The “dark recesses of the Internet,” said the President, need to be policed to catch potential mass murderers before they strike.

“It is too easy,” continued the President, “for troubled youth to surround themselves with a culture that celebrates violence. We must stop or substantially reduce this and it has to begin immediately.”

Within minutes of his speech, Democrats were slamming the President’s remarks. Said, Cory Booker, “White supremacy is not a mental illness, and guns are a tool that white supremacists use to fulfill their hate.”

And, so the post-shooting loop continues. Rank and callow opportunists like Beto O’Rourke and Cory Booker scream about the NRA and accuses Trump and the rest of us of having blood on our hands. When the shock wears off and the socially acceptable carnage in Democrat-controlled cities reverts to normal, we’ll be back to where we started—until the next time.

We need to listen to President Trump and recognize that this problem is systemic. It won’t be solved in just a few minutes.
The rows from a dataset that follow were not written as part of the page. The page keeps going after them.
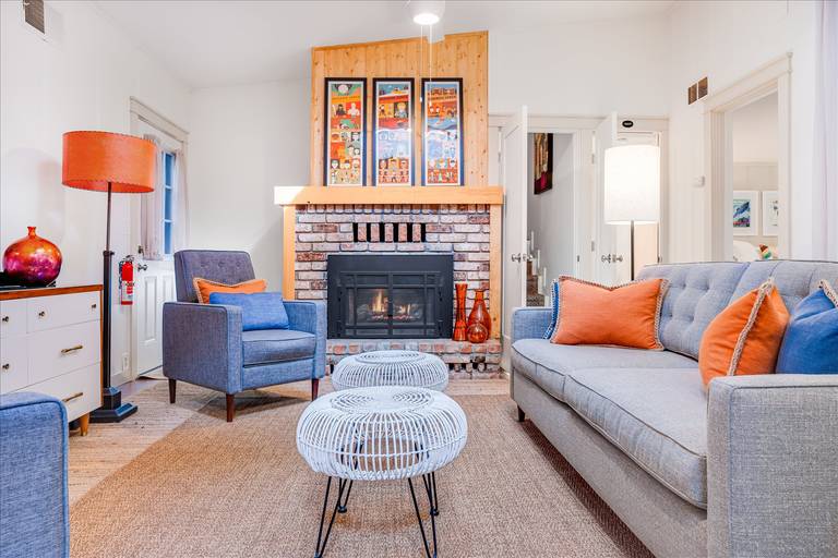 - Living room - Comfy furniture w/a fold-out sofa sleeper - Cozy Gas/Log Fireplace -Wall mounted art piece/Smart TV w/ streaming apps! Popular board games provided!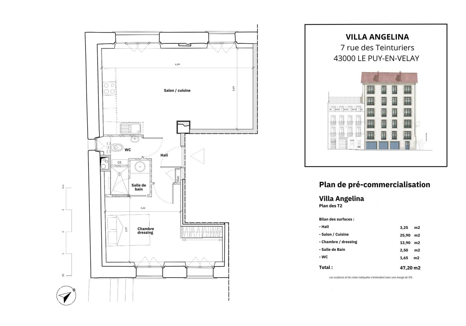 Votre agence Côte Particuliers Le Puy-en-Velay, vous propose en exclusivité : En plein coeur du Puy-en-Velay, à proximité immédiate de toutes commodités, dans la future résidence VILLA ANGELINA avec ascenseur : Nous vous proposons un appartement T2 au troisième étage d'une superficie de 47.20 m² se composant d'un hall d'entrée, d'un salon/cuisine d'une superficie de 25.90 m², d'une chambre avec dressing de 13.90 m², d'une salle d'eau et d'un WC séparé. Prestations : - Chauffage individuel par radiateurs électriques - Menuiseries double vitrage : aluminium extérieur et PVC intérieur - Parquet flottant dans toutes les pièces et sol souple dans la salle d'eau avec faïence au mur - Stores intérieurs occultants - Cuisine à prévoir uniquement Achat en vente achevée - FRAIS DE NOTAIRE REDUITS 148 000 € Frais d'agence inclus 142 307,69 € Hors honoraires d'agence 5 692,31 € Frais d'agence TTC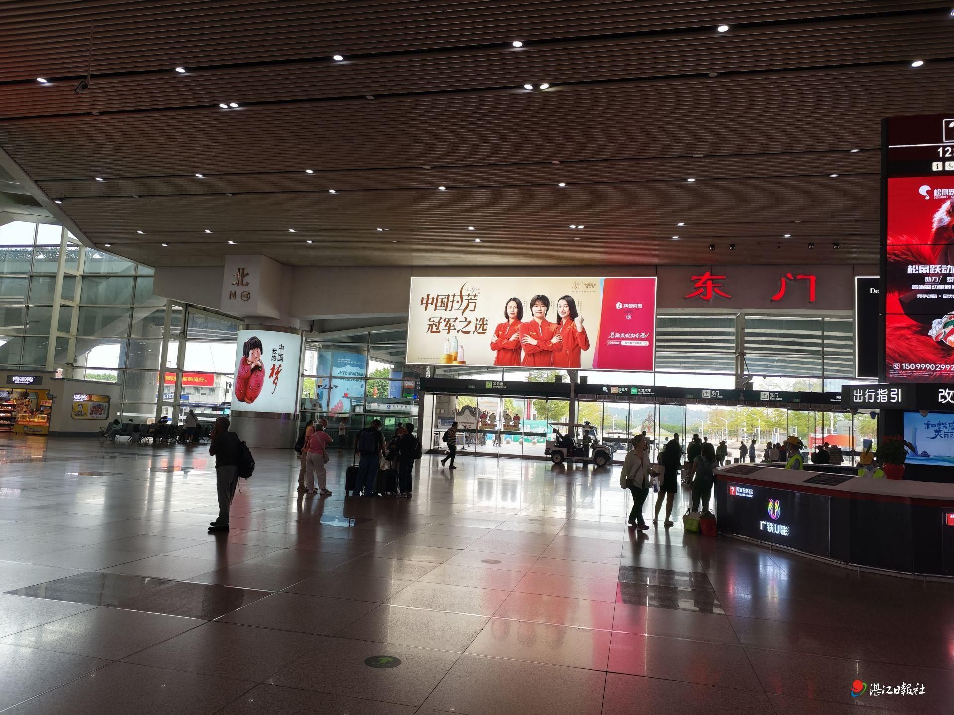 11月2日,记者从湛江抵达广州的第一站——广州南站,刚下动车就看到了全红婵(海报正中)和国家队队友陈芋汐(左)、昌雅妮(右)合拍的大型广告海报。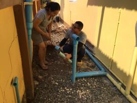 ธนาคารน้ำใต้ดิน คือ การนำน้ำลงไปเก็บในชั้นใต้ดิน ธนาคารน้ำใต้ดินมี 2 ประเภท คือ ธนาคารน้ำใต้ดิน ระบบปิด และธนาคารน้ำใต้ดินระบบเปิด ธนาคารน้ำใต้ดินระบบปิด เป็นการขุดบ่อให้ลึกถึงชั้นหินอุ้มน้ำ จากนั้นใส่ยางรถยนต์เพื่อป้องกันขอบบ่อพังทลาย ใส่วัสดุที่หาได้ในพื้นที่ เช่น ขวดน้ำ จะใส่ 1 ใน 3 ส่วน, ท่อนไม้ หรือเศษปูนให้เต็มช่องว่างด้านนอกยางรถยนต์ นำท่อ PVC มาวางตรงกลางบ่อเพื่อเป็นช่องระบายอากาศ นำวัสดุชนิดเดียวกับที่ใส่ช่องว่างด้านนอกมาเติมใส่ช่องว่างด้านในให้เต็ม คลุมด้วยผ้าไนล่อน แล้วทับด้วยก้อนหิน และตามด้วยหินละเอียดอีกที เพื่อเป็นตัวกรองให้เศษดิน หรือขยะไม่ให้เข้าไปอุดตันในบ่อ เมื่อฝนตกลงมาน้ำจะไหลผ่านธนาคารน้ำใต้ดิน สู่ชั้นใต้ดินโดยตรง ธนาคารน้ำใต้ดินระบบเปิด เป็นการขุดบ่อขนาดใหญ่ แล้วเจาะพื้นบ่อเป็นหลุม 3 หลุมให้ลึกถึงชั้นหินอุ้มน้ำ เพื่อให้น้ำไหลลงชั้นหินอุ้มน้ำได้ดี และมีช่องสำหรับถ่ายเทอากาศจากโพรงใต้ดินเมื่อถูกน้ำเข้าไปแทนที่ โดยน้ำที่นำมาเก็บนั้นมาจากหลายแหล่งด้วยกัน เช่น น้ำฝน หรือน้ำจากการทำธนาคารน้ำใต้ดิน ระบบปิด ซึ่งเมื่อน้ำถูกเติมลงชั้นใต้หินอุ้มน้ำปริมาณมากพอ น้ำจะเอ่อล้นมาที่บ่อโดยอัตโนมัติ ประโยชน์ของธนาคารน้ำใต้ดิน 1. ช่วยแก้ปัญหาน้ำท่วมได้ 2. ช่วยแก้ปัญหาภัยแล้ง 3. แก้ปัญหาน้ำเค็ม 4. แก้ปัญหาน้ำสกปรก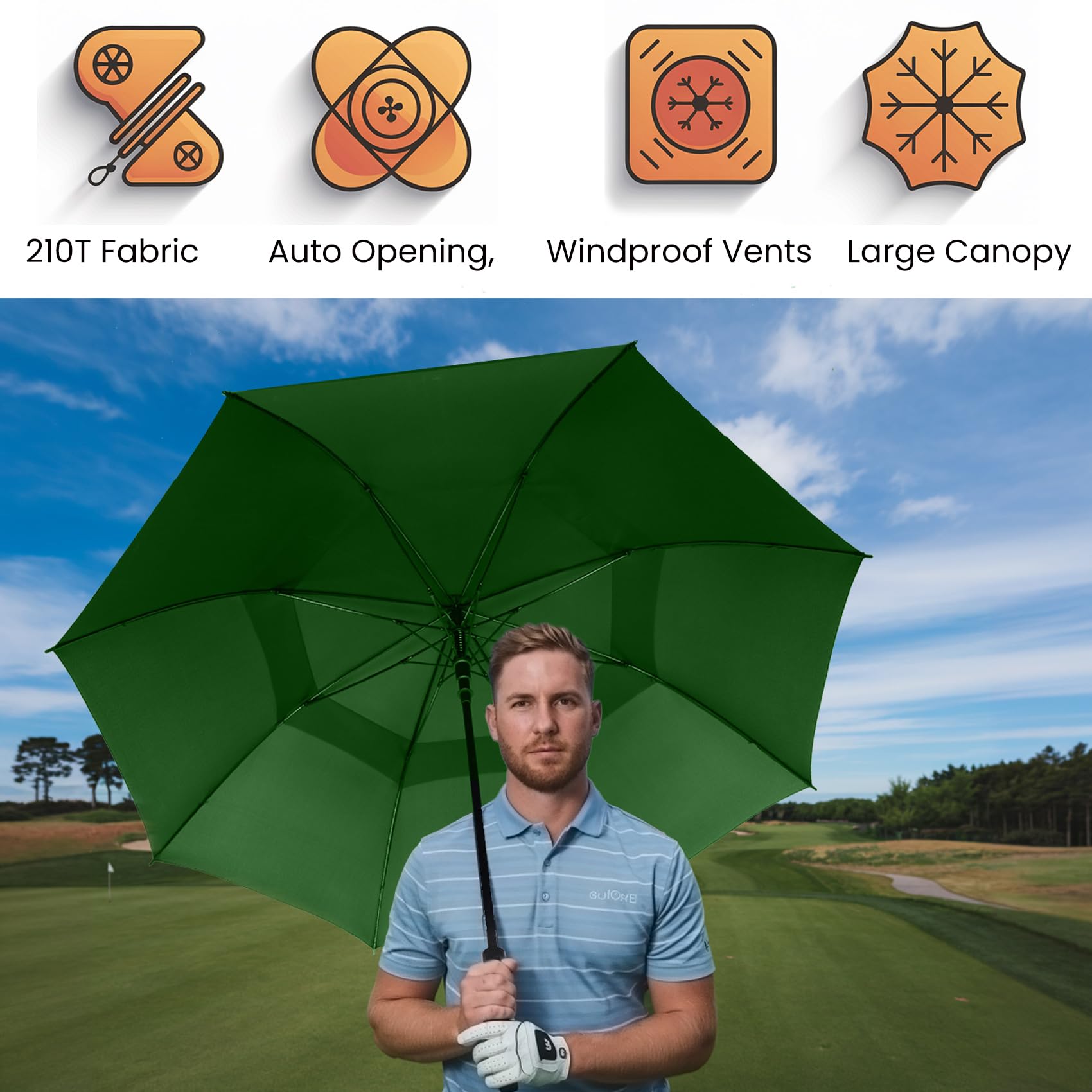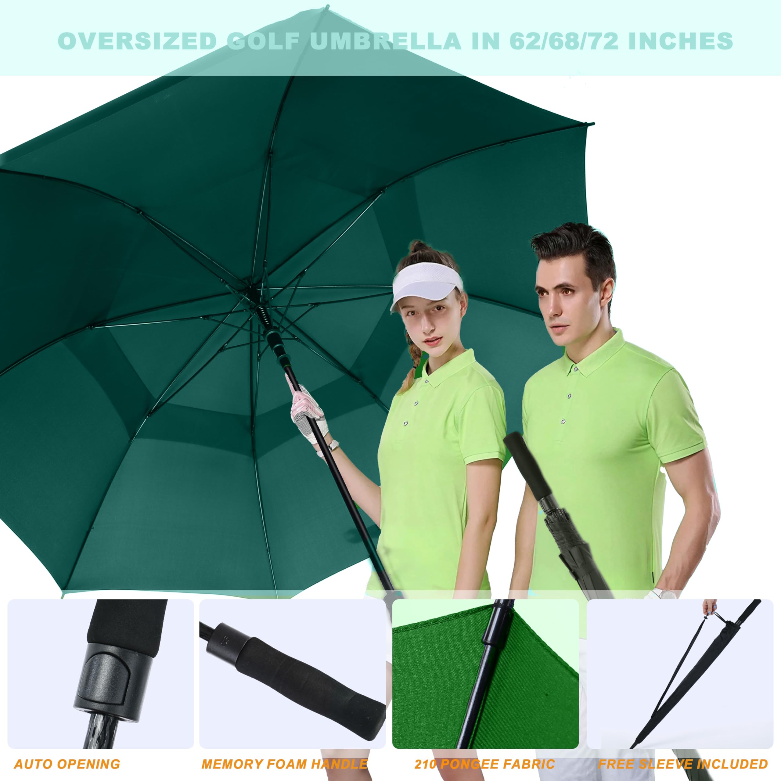 ☂️STURDY GOLF UMBRELLA: The golf umbrella made of fiberglass umbrella support, lightweight and durable. 210T water repellent pongee fabric canopy allows you to spin it gently to dry it like a gentleman, well waterproof. Come with a protective sleeve, help for good storage.
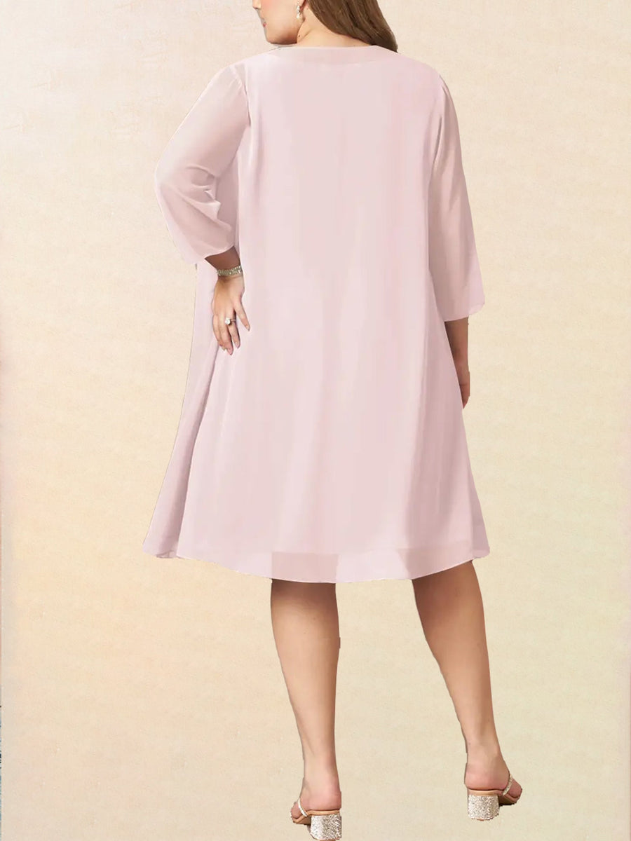 Chiffon A-Line Scoop Neck 3/4 Sleeves Dress-BM00021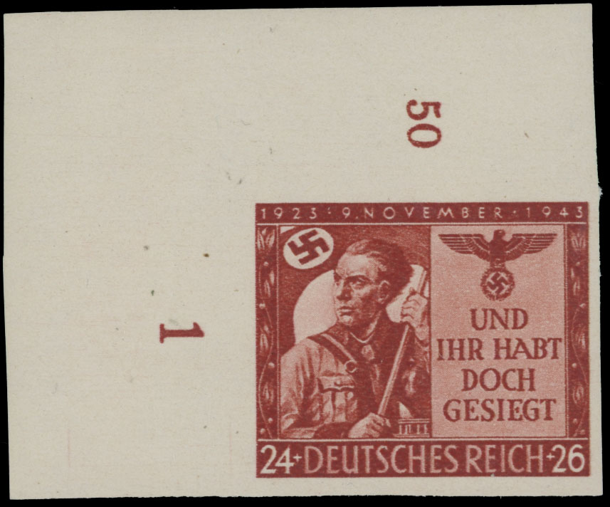 1943, 20th Anniversary of the Munich Nazis putsch, 24+26pf brown red, top left corner sheet margin imperforate single, full OG, NH, VF and rare positional piece, Mi #863U, C.v. €350, Est. $250-$300 , Scott #B250 imp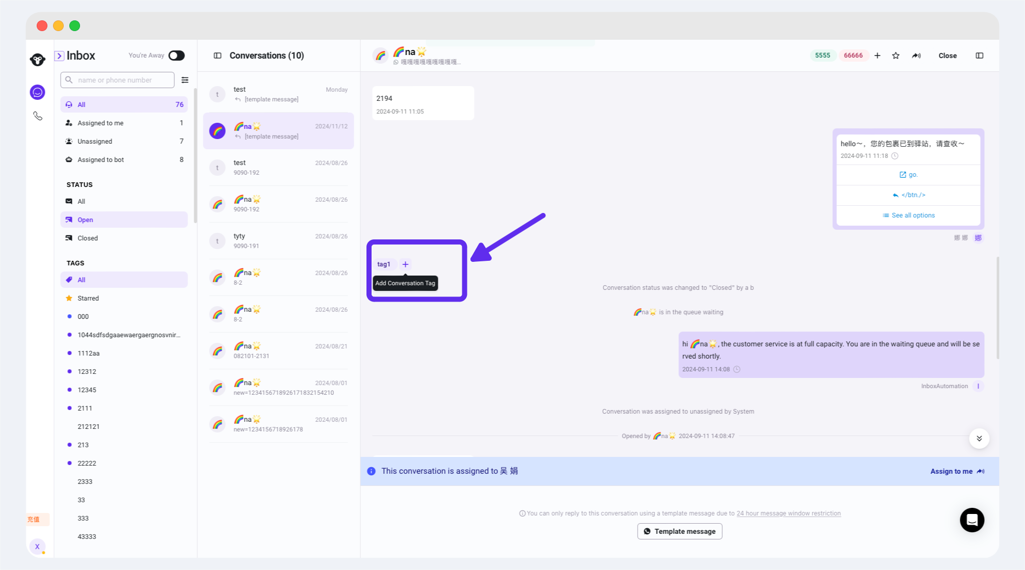 您可以通过点击会话展示区域上方的添加按钮对会话添加标签。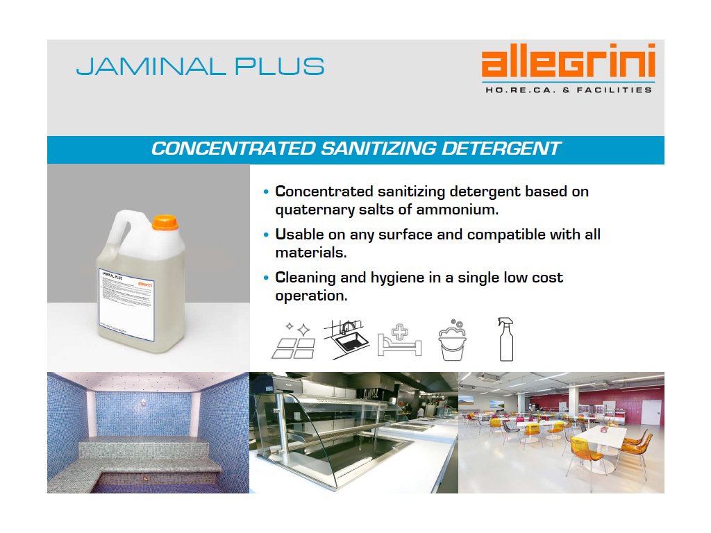 JAMINAL PLUS ist ein konzentriertes, geruchloses Desinfektionsmittel. Die Zusammensetzung enthält Tenside, alkalisierende, quartäre Ammoniumsalze, die speziell zum Reinigen und Desinfizieren auf harten Oberflächen, wie z. Fliesen, Stahl, Glas, Aluminium, Kunststoff ... Geeignet für Küchen, Schwimmbäder, Fitnessstudios, Toiletten, Restaurants, Bars, Supermärkte, Schönheitssalons usw., wenn der Einsatz einer Vielzahl von Desinfektionsmitteln erforderlich ist.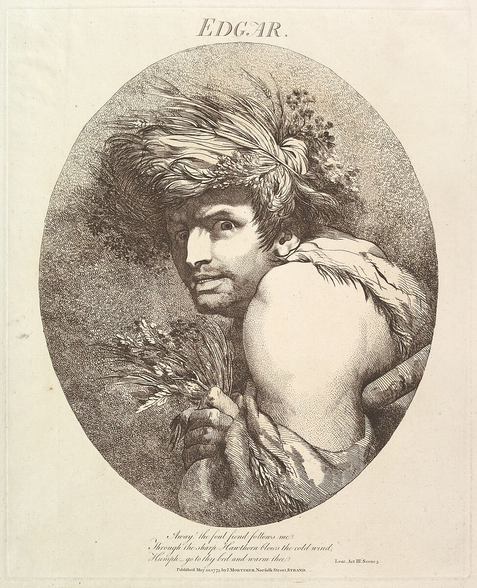 Mortimer admired Salvator Rosa, absorbed aspects of his dramatic style, and sought British equivalents for his subjects. This etching comes from a series that Mortimer devoted to leading Shakespearean characters, based on drawings exhibited at the Society of Artists in 1775. Merging the seventeenth-century genres of the character head and tête d'expression (expressive head), Mortimer's designs also incorporate elements of history painting to convey the Bard's inventive range. Attracted mostly to tragic figures, the artist here portrays Edgar, the eldest son of the Earl of Gloucester, disguised as the demon-possessed Poor Tom. Clad in rags, with weeds woven into his hair, the figure joins the exiled King Lear in a storm, and speaks the following lines: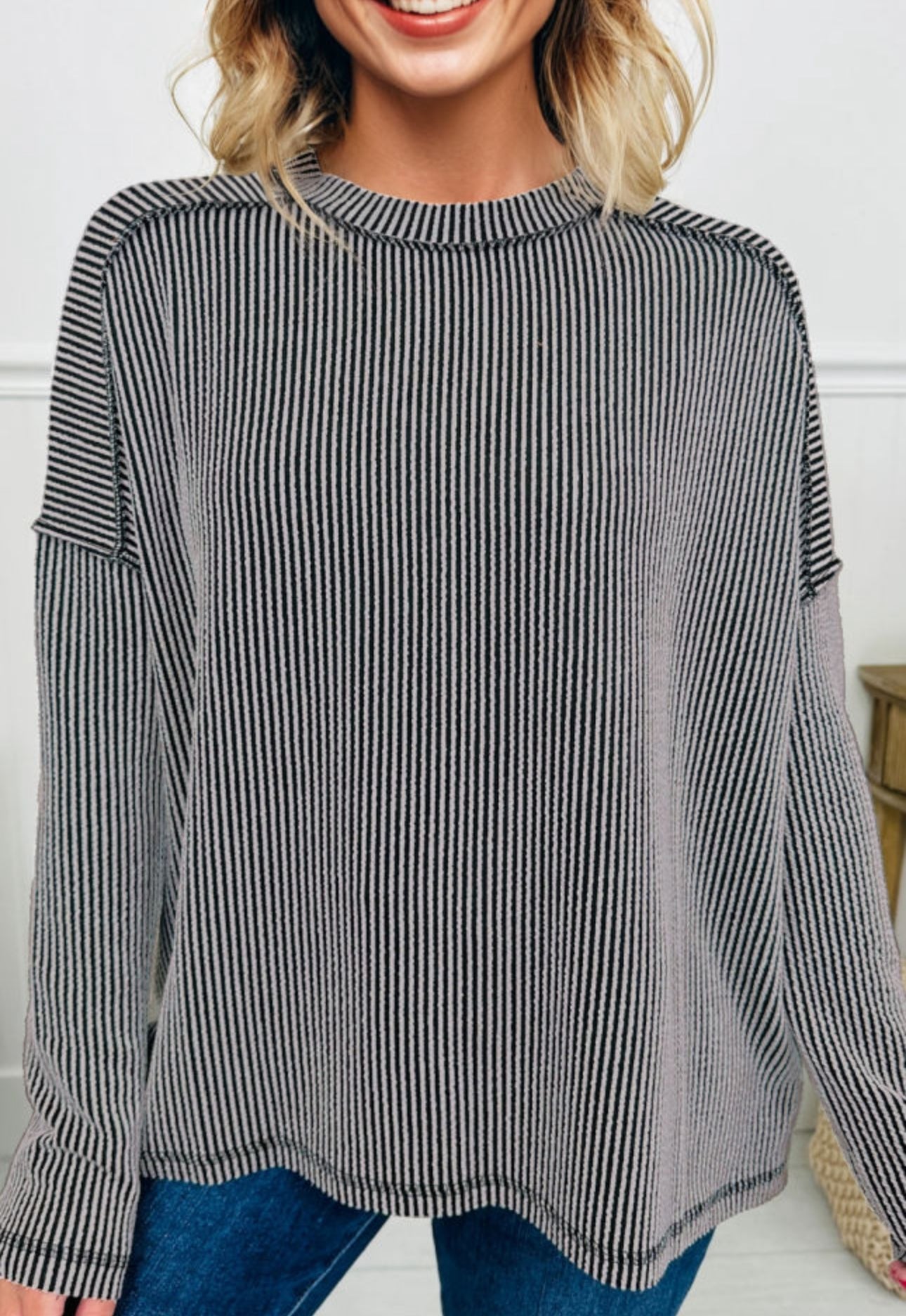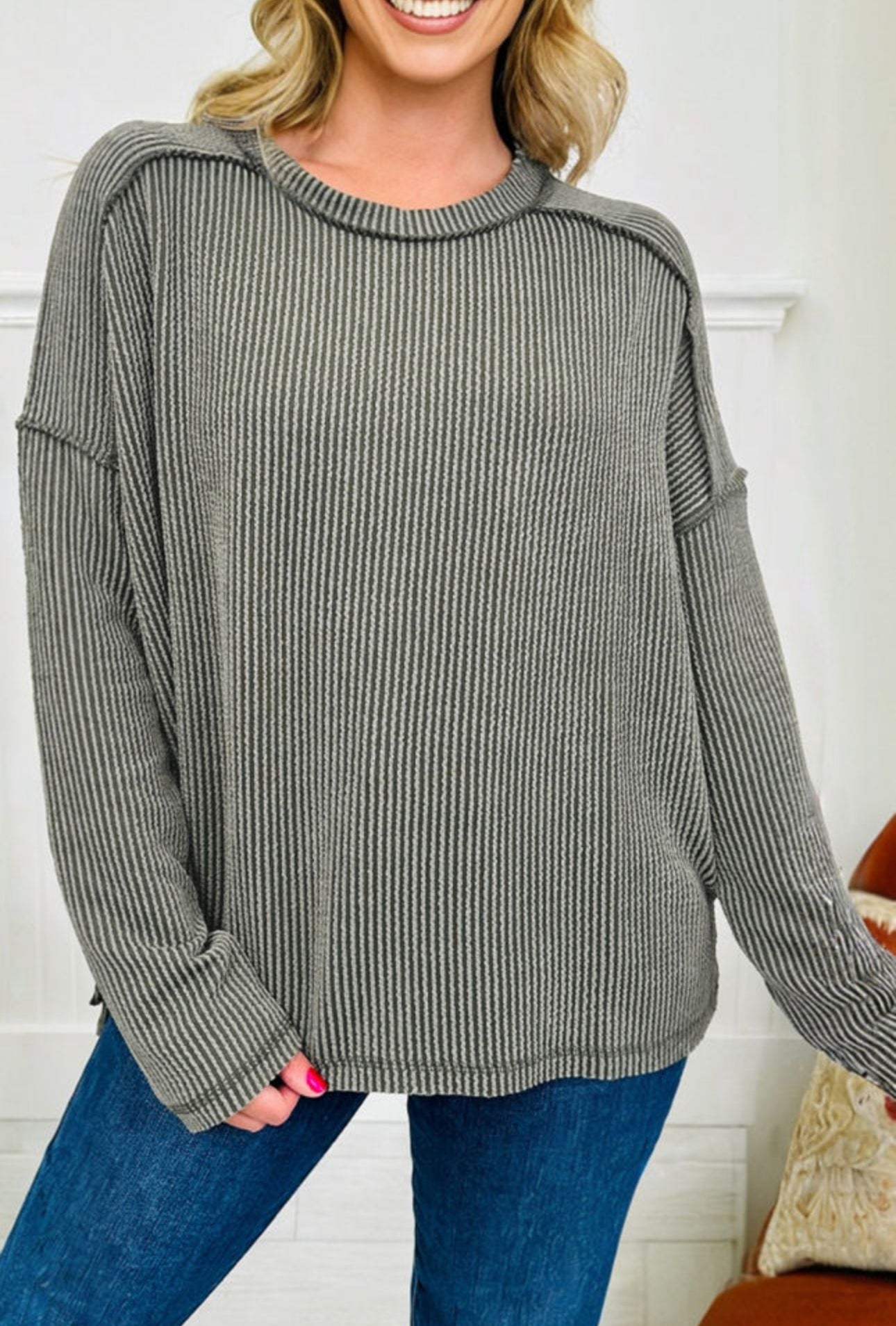 Back To The Basics Exposed Seam Loose Fit Waffle Top

There are other players here, like the ACLU, who won’t stand for involuntary jailing of people who have yet to commit a crime. There are gun owners in Montana and Wyoming who don’t want restriction on their gun owning rights.

What we need is a calm and reasonable conversation. Unfortunately, the only way to convince Democrats to behave reasonably is to defeat them politically and vote them out of the conversation.

And that’s why we need to reelect Donald Trump.